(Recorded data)

--

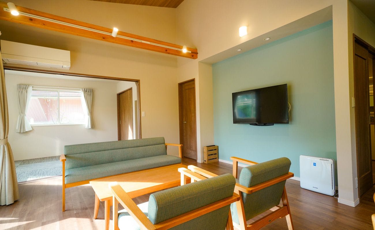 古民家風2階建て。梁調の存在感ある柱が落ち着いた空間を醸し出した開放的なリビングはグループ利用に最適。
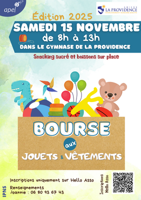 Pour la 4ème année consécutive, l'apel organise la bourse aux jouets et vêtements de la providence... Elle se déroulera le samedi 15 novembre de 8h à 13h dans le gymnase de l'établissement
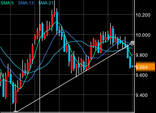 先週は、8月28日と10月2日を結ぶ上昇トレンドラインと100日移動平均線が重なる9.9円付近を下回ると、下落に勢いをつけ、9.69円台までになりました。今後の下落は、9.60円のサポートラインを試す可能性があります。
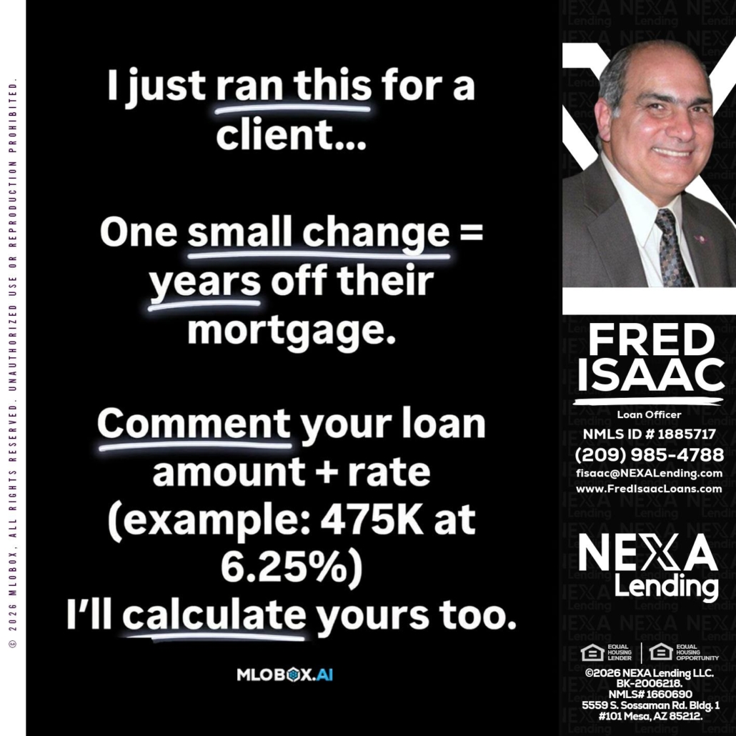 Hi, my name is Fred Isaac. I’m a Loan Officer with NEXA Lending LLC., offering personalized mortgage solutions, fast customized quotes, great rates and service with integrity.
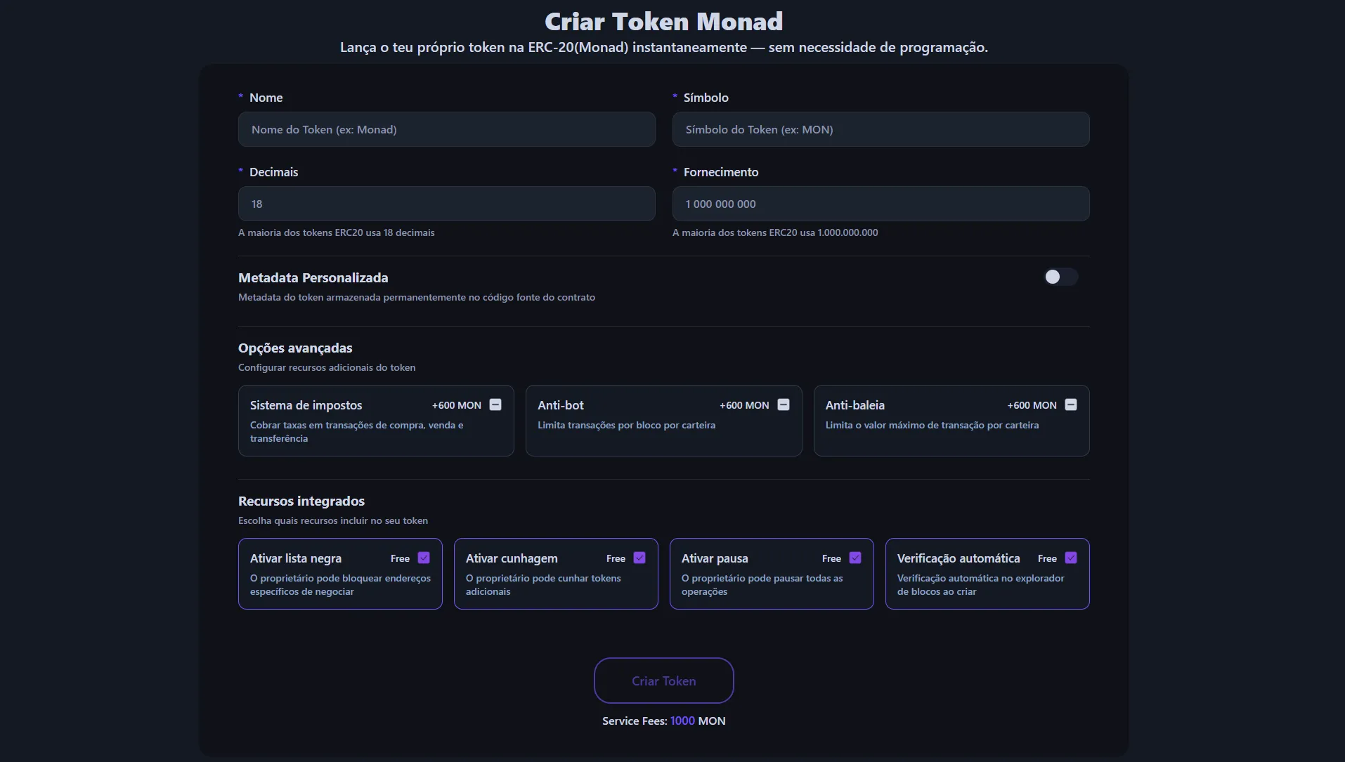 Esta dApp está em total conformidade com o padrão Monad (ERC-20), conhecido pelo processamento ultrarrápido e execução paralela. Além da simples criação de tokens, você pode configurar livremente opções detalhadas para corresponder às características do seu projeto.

--

◆ PROBLEM TO WORK ON ◆
Restate the data word for word without pictures.

◆ WORKED SOLUTION ◆
 古民家風2階建て。梁調の存在感ある柱が落ち着いた空間を醸し出した開放的なリビングはグループ利用に最適。
 Pour la 4ème année consécutive, l'apel organise la bourse aux jouets et vêtements de la providence... Elle se déroulera le samedi 15 novembre de 8h à 13h dans le gymnase de l'établissement
 先週は、8月28日と10月2日を結ぶ上昇トレンドラインと100日移動平均線が重なる9.9円付近を下回ると、下落に勢いをつけ、9.69円台までになりました。今後の下落は、9.60円のサポートラインを試す可能性があります。
 Hi, my name is Fred Isaac. I’m a Loan Officer with NEXA Lending LLC., offering personalized mortgage solutions, fast customized quotes, great rates and service with integrity.
 Esta dApp está em total conformidade com o padrão Monad (ERC-20), conhecido pelo processamento ultrarrápido e execução paralela. Além da simples criação de tokens, você pode configurar livremente opções detalhadas para corresponder às características do seu projeto.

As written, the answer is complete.